**INSTRUCTIONS TO FOLLOW:** Copy each entry precisely as written, and do not carry over the pictures.
━━━ INFORMATION PROVIDED
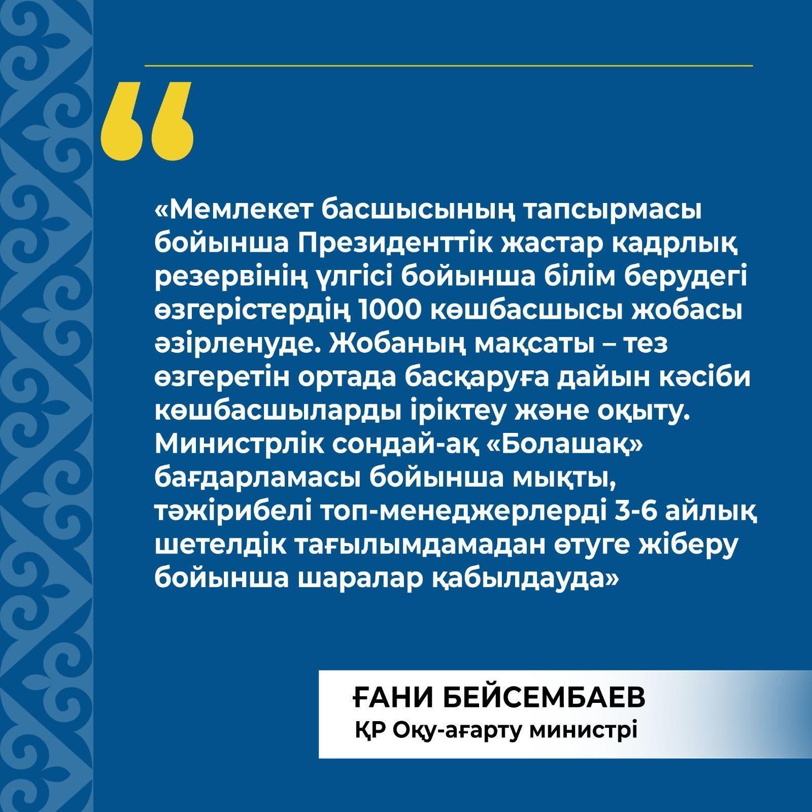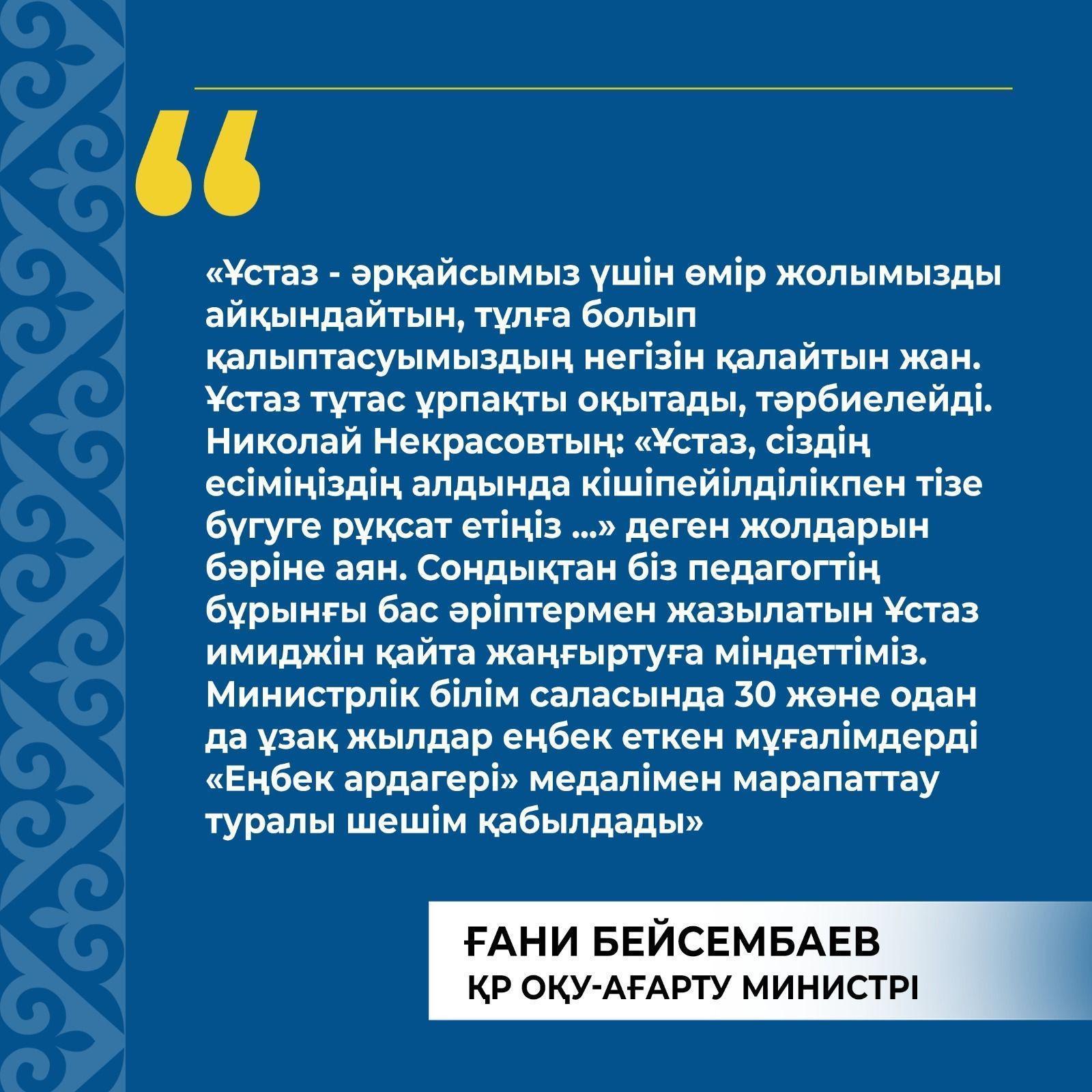 Оқу-ағарту министрі Ғани Бейсембаевтың білім беру қызметкерлерінің Республикалық тамыз кеңесінің секциялық отырысында сөйлеген сөзінен
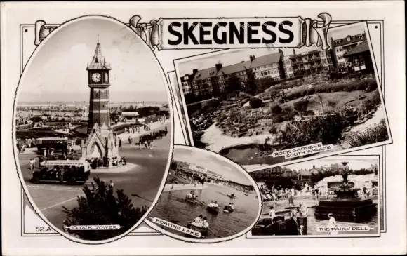 Ak Skegness East Midlands England, Clock Tower, Boating Lake, South Parade
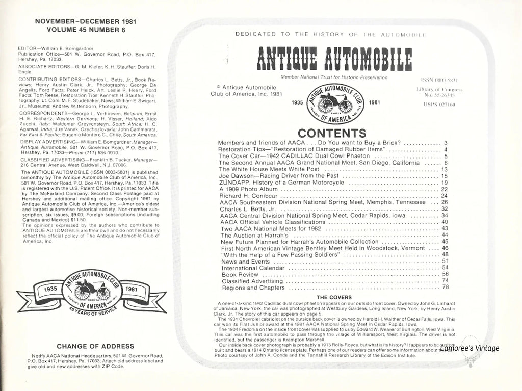 Don't Miss Out-Buy Antique Automobile Magazine November December 1981 – Lamoree’s Vintage
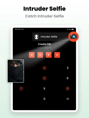 - intruder selfie, hack alert, wrong password selfie, app lock security
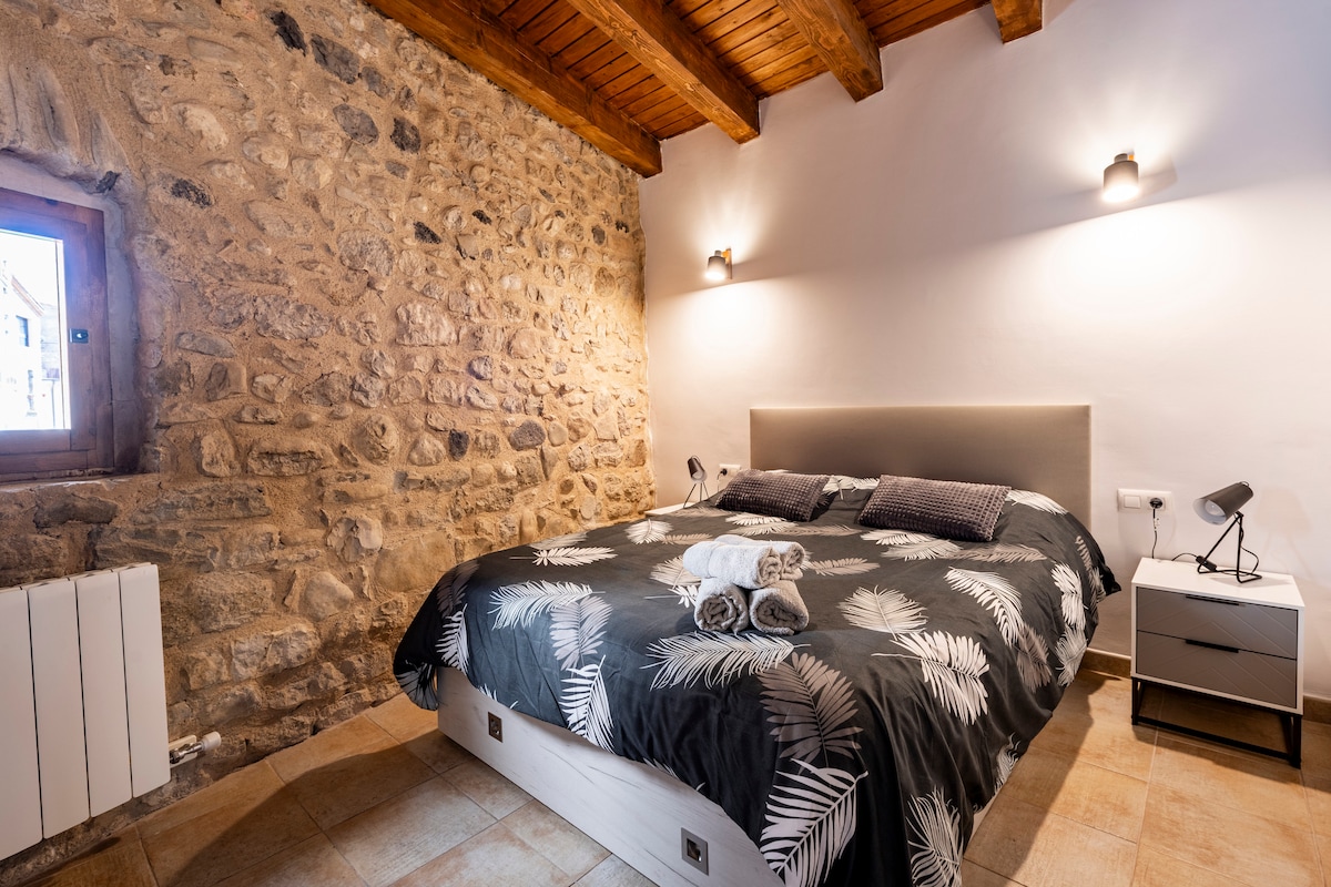A nice 50 m2 apartment, recently renovated, with a rustic-modern style that makes it very cozy. It has 2 bedrooms, 1 bathroom, and a kitchen-dining room with an American bar. Located in the historic center of Besalú, where you will find restaurants, bars, shops and a lot of history. Very close to a natural environment next to the Fluvià River.
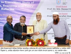 আজ ১০ সেপ্টেম্বর (বুধবার) বেলা ১১টায় খুলনা বিশ্ববিদ্যালয়ের ইউআরপি ডিসিপ্লিনের লেকচার থিয়েটারে ডিভেলপমেন্ট স্টাডিজ ডিসিপ্লিন আয়োজিত ‘Bangladesh in Transition: Governance, Economy and Policy Reforms’ শীর্ষক সেমিনারে কী-নোট স্পিকার হিসেবে বক্তৃতাকালে তিনি এ কথা বলেন।
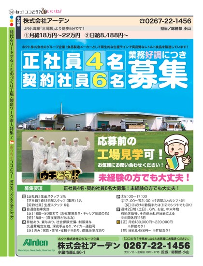 ☎0267-22-1456担当/総務部小山株式会社アーデンJR小海線「三岡駅」より徒歩5分です!①月給18万円〜22万円②日給8,488円〜小諸市ねっ!ココどう?業務好調につき募集名名46正社員契約社員ホクト株式会社のグループ企業食品製造メーカーとして衛生的な生産ラインで高品質なレトルト食品を製造しています!応募前の工場見学可!未経験の方でも大丈夫!お気軽にお問い合わせください!正社員4名・契約社員6名大募集!未経験の方でも大丈夫!募集要項[正社員]生産スタッフ3名[正社員]資材手配スタッフ(事務)1名[契約社員]生産スタッフ6名普通自動車免許[正]18歳〜30歳まで(深夜業務あり・キャリア形成の為)[契]18歳〜(深夜業務がある為)昇給あり、賞与あり、社会保険完備、制服貸与交通費規定支給、深夜手当あり、マイカー通勤可[正]のみ:家族・住宅・役職手当あり、退職金制度あり①8:00〜17:00②17:00〜翌2:00※1週間ごとのシフト制[契]②だけの勤務または①②のシフトでもOK!週休2日制(土日)、GW、お盆、年末年始有給休暇等、その他当社休日表による※年間休日115日[正]月給180,000円〜220,000円※昇給あり![契]日給8,488円〜※昇給あり!ホクト株式会社のグループ企業株式会社アーデン0267-22-1456「ココどう?を見ました」とお気軽にお電話ください。受付/月〜金曜日8時〜17時担当/総務部小山小諸市森山66-159●●●時代をリードする!ものづくり工場・製造ワーク求人特集!おうちでココどう!https://cocodou.info
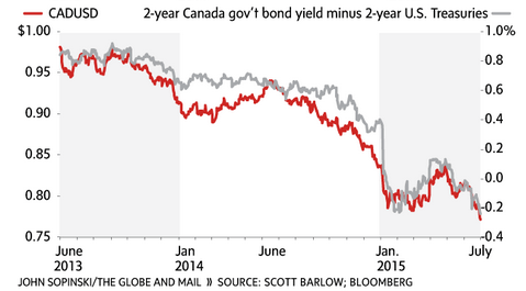 Scott Barlow, who is a writer at the Globe and Mail, had an interesting piece on the Canadian dollar a couple of years ago. In it he pointed out that there was a strong correlation between the Canadian dollar and oil, which is not surprising, but also an even stronger correlation between the Canadian dollar and the yield spread of the US 2-year Treasury and the Canadian Government 2-year note. He presented the chart below.
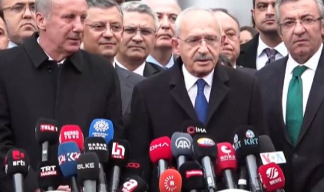 CHP Genel Başkanı ve Millet İttifakı Cumhurbaşkanı adayı Kemal Kılıçdaroğlu, Memleket Partisi Genel Başkanı ve Cumhurbaşkanı adayı Muharrem İnce'yi partisini genel merkezinde ziyaret etti.ANKARA (İGFA) - CHP Genel Başkanı ve Millet İttifakı Cumhurbaşkanı adayı Kemal Kılıçdaroğlu, Memleket Partisi Genel Başkanı Muharrem İnce'ye yaptığı ziyarette, "Halil İbrahim sofrasını büyütmeye çalışıyoruz" dedi.Görüşme sonrası iki lider, ortak basın açıklaması yaptı.Kılıçdaroğlu, deprem bölgesine yönelik kanun teklifi hazırladıklarını belirterek, "Sayın Genel Başkan'a ayrıntılı bilgi verdim. Önümüzdeki günlerde teklifi sunacağız. İşin özeti Halil İbrahim sofrasını büyütmeye çalışıyoruz" dedi. Kılıçdaroğlu, "Yaşadığımız sorunlar Türkiye'nin sorunları, bireysel değil. Çözümler üretmek bizim görevimiz" dedi."Bizler Memleket Partisi olarak diyoruz ki, ittifaklar olmalıdır fakat bu ittifaklar menfaat ittifakları olmamalı ilke ittifakları olmalıdır" diyn Muharrem İnce ise, "Bizim ilkelerimiz nettir. Atatürk'ü tartıştırmayız. Teröre karşı mesafeliyiz. Kadın hakları konusunda çok kararlıyız, geri adım atmayız. Mültecilerin gönderilmesi konusunda çok kararlıyız. Bizim ilkelerimiz bunlar. Bunlardan asla taviz vermeyiz. İlkeler etrafında bu memlekti ayağa kaldırmalıyız. Bu Erdoğan gitmelidir, yorgundur, ortak aklı temsil etmez, kibirlidir; akla, hukuka, bilime inanmamaktadır. Bu konuda da her tür görüşümüzü açık ifade ediyoruz" diye konuştu.https://twitter.com/vekilince/status/1641093645573996545Bu arada İnce'nin Kılıçdaroğlu'nu uğurlama şekli dikkati çekti. Kılıçdaroğlu'nun "Hoşça kalın" sözleri üzerine İnce, "Ayağınıza sağlık. Hoş geldiniz, güle güle" cevabını verdi.
━━━━━━
**RESPONSE FOR THIS EXERCISE:**
 Оқу-ағарту министрі Ғани Бейсембаевтың білім беру қызметкерлерінің Республикалық тамыз кеңесінің секциялық отырысында сөйлеген сөзінен
 Ak Skegness East Midlands England, Clock Tower, Boating Lake, South Parade
 Don't Miss Out-Buy Antique Automobile Magazine November December 1981 – Lamoree’s Vintage
 - intruder selfie, hack alert, wrong password selfie, app lock security
A nice 50 m2 apartment, recently renovated, with a rustic-modern style that makes it very cozy. It has 2 bedrooms, 1 bathroom, and a kitchen-dining room with an American bar. Located in the historic center of Besalú, where you will find restaurants, bars, shops and a lot of history. Very close to a natural environment next to the Fluvià River.
 আজ ১০ সেপ্টেম্বর (বুধবার) বেলা ১১টায় খুলনা বিশ্ববিদ্যালয়ের ইউআরপি ডিসিপ্লিনের লেকচার থিয়েটারে ডিভেলপমেন্ট স্টাডিজ ডিসিপ্লিন আয়োজিত ‘Bangladesh in Transition: Governance, Economy and Policy Reforms’ শীর্ষক সেমিনারে কী-নোট স্পিকার হিসেবে বক্তৃতাকালে তিনি এ কথা বলেন।
 ☎0267-22-1456担当/総務部小山株式会社アーデンJR小海線「三岡駅」より徒歩5分です!①月給18万円〜22万円②日給8,488円〜小諸市ねっ!ココどう?業務好調につき募集名名46正社員契約社員ホクト株式会社のグループ企業食品製造メーカーとして衛生的な生産ラインで高品質なレトルト食品を製造しています!応募前の工場見学可!未経験の方でも大丈夫!お気軽にお問い合わせください!正社員4名・契約社員6名大募集!未経験の方でも大丈夫!募集要項[正社員]生産スタッフ3名[正社員]資材手配スタッフ(事務)1名[契約社員]生産スタッフ6名普通自動車免許[正]18歳〜30歳まで(深夜業務あり・キャリア形成の為)[契]18歳〜(深夜業務がある為)昇給あり、賞与あり、社会保険完備、制服貸与交通費規定支給、深夜手当あり、マイカー通勤可[正]のみ:家族・住宅・役職手当あり、退職金制度あり①8:00〜17:00②17:00〜翌2:00※1週間ごとのシフト制[契]②だけの勤務または①②のシフトでもOK!週休2日制(土日)、GW、お盆、年末年始有給休暇等、その他当社休日表による※年間休日115日[正]月給180,000円〜220,000円※昇給あり![契]日給8,488円〜※昇給あり!ホクト株式会社のグループ企業株式会社アーデン0267-22-1456「ココどう?を見ました」とお気軽にお電話ください。受付/月〜金曜日8時〜17時担当/総務部小山小諸市森山66-159●●●時代をリードする!ものづくり工場・製造ワーク求人特集!おうちでココどう!https://cocodou.info
 Scott Barlow, who is a writer at the Globe and Mail, had an interesting piece on the Canadian dollar a couple of years ago. In it he pointed out that there was a strong correlation between the Canadian dollar and oil, which is not surprising, but also an even stronger correlation between the Canadian dollar and the yield spread of the US 2-year Treasury and the Canadian Government 2-year note. He presented the chart below.
 CHP Genel Başkanı ve Millet İttifakı Cumhurbaşkanı adayı Kemal Kılıçdaroğlu, Memleket Partisi Genel Başkanı ve Cumhurbaşkanı adayı Muharrem İnce'yi partisini genel merkezinde ziyaret etti.ANKARA (İGFA) - CHP Genel Başkanı ve Millet İttifakı Cumhurbaşkanı adayı Kemal Kılıçdaroğlu, Memleket Partisi Genel Başkanı Muharrem İnce'ye yaptığı ziyarette, "Halil İbrahim sofrasını büyütmeye çalışıyoruz" dedi.Görüşme sonrası iki lider, ortak basın açıklaması yaptı.Kılıçdaroğlu, deprem bölgesine yönelik kanun teklifi hazırladıklarını belirterek, "Sayın Genel Başkan'a ayrıntılı bilgi verdim. Önümüzdeki günlerde teklifi sunacağız. İşin özeti Halil İbrahim sofrasını büyütmeye çalışıyoruz" dedi. Kılıçdaroğlu, "Yaşadığımız sorunlar Türkiye'nin sorunları, bireysel değil. Çözümler üretmek bizim görevimiz" dedi."Bizler Memleket Partisi olarak diyoruz ki, ittifaklar olmalıdır fakat bu ittifaklar menfaat ittifakları olmamalı ilke ittifakları olmalıdır" diyn Muharrem İnce ise, "Bizim ilkelerimiz nettir. Atatürk'ü tartıştırmayız. Teröre karşı mesafeliyiz. Kadın hakları konusunda çok kararlıyız, geri adım atmayız. Mültecilerin gönderilmesi konusunda çok kararlıyız. Bizim ilkelerimiz bunlar. Bunlardan asla taviz vermeyiz. İlkeler etrafında bu memlekti ayağa kaldırmalıyız. Bu Erdoğan gitmelidir, yorgundur, ortak aklı temsil etmez, kibirlidir; akla, hukuka, bilime inanmamaktadır. Bu konuda da her tür görüşümüzü açık ifade ediyoruz" diye konuştu.https://twitter.com/vekilince/status/1641093645573996545Bu arada İnce'nin Kılıçdaroğlu'nu uğurlama şekli dikkati çekti. Kılıçdaroğlu'nun "Hoşça kalın" sözleri üzerine İnce, "Ayağınıza sağlık. Hoş geldiniz, güle güle" cevabını verdi.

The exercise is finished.